Consider a connected undirected graph $G$ with a vertex set $V$ and an edge set $E$ . In the $2$ -edge connectivity problem, the goal is to find all the bridges of $G$ , where an edge $e\in E$ is called a bridge if its removal disconnects $G$ . In the biconnectivity problem, the goal is to partition the edges into several groups $E_{1},E_{2},\cdots,E_{k}$ , i.e., $E=\bigcup_{i=1}^{k}E_{i},\forall i\not=j,E_{i}\cap E_{j}=\emptyset$ , such that $\forall e\not=e^{\prime}\in E$ , $e$ and $e^{\prime}$ are in the same group if and only if there is a simple cycle in $G$ which contains both $e$ and $e^{\prime}$ . A subgraph induced by an edge group $E_{i}$ is called a biconnected component (block). In other words, the goal of the biconnectivity problem is to find all the blocks of $G$ .

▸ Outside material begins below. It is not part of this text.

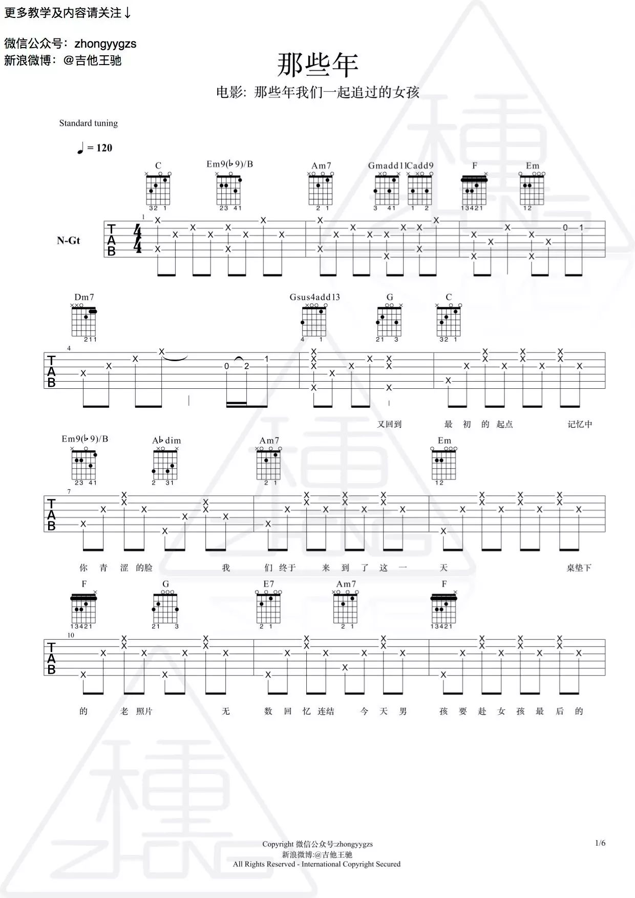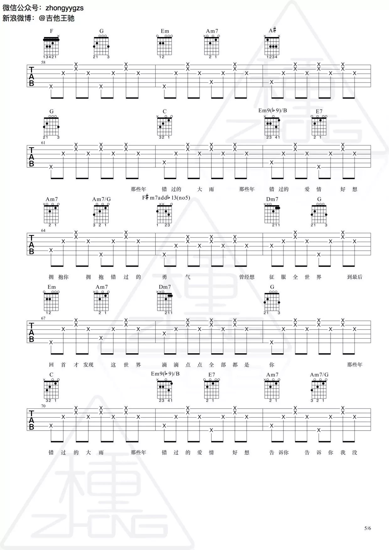 曲谱介绍: 那些年吉他谱,胡夏演唱,电影《那些年我们一起追过的女孩》主题曲,那些年六线谱,完整版共六张图片谱。感谢王驰编配,并提供吉他弹唱演示视频,91吉他谱网站推荐收藏。青春是一场酣畅淋漓的大雨,错过了就是永远 。非常经典的一首青春电影主题曲,带我们一起回忆曾经的青葱岁月。

In this section, we describe the algorithms for both the $2$ -edge connectivity problem and the biconnectivity problem in the offline setting. In Section 5, we will discuss how to implement them in the MPC model.

3.1 $2$ -Edge Connectivity

The $2$ -edge connectivity problem is much simpler than the biconnectivity problem. We first compute a spanning tree of the graph. Only a tree edge can be a bridge. Then for any non-root vertex $v$ , if there is no non-tree edge which crosses between the subtree of $v$ and the outside of the subtree of $v$ , then the tree edge which connects $v$ to its parent is a bridge.

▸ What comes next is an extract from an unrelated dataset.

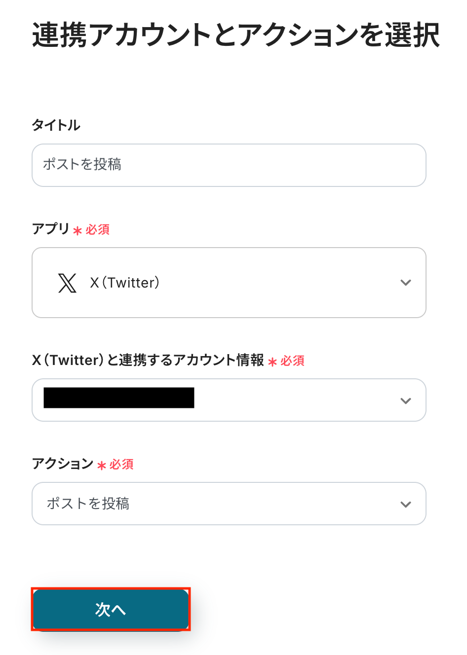 ステップ4: X(Twitter)のアクション設定

Lemma 3.1 ( $2$ -Edge connectivity).

Consider an undirected graph $G=(V,E)$ . Let $B$ be the output of Bridges $(G)$ . Then $B$ is the set of all the bridges of $G$ .

Proof 3.2.

Suppose $(u,v)\in E$ is not a bridge. If $(u,v)$ is a non-tree edge in $\operatorname{par}$ , then since $B$ only contains tree edges, $(u,v)\not\in B$ . Otherwise, suppose $\operatorname{par}(v)=u$ . There must be a non-tree edge $(x,y)\in E$ such that $x$ is in the subtree of $v$ but $y$ is not in the subtree of $v$ . Thus, the LCA of $(x,y)$ is not $v$ , and it is an ancestor of $v$ which means that the depth of the LCA of $(x,y)$ is smaller than $\operatorname{dep}_{\operatorname{par}}(v)$ . By step 2, we have $\operatorname{lev}(x)<\operatorname{dep}_{\operatorname{par}}(v)$ . Let $a_{i},a_{j}$ be the first and the last appearance of $v$ in the DFS sequence of $\operatorname{par}$ . Since $x$ is in the subtree of $v$ , there exists $k\in\{i,i+1,\cdots,j\}$ such that $v=a_{k}$ . By step 4, since $\operatorname{lev}(a_{k})<\operatorname{dep}_{\operatorname{par}}(v)$ , $(u,v)\not\in B$ .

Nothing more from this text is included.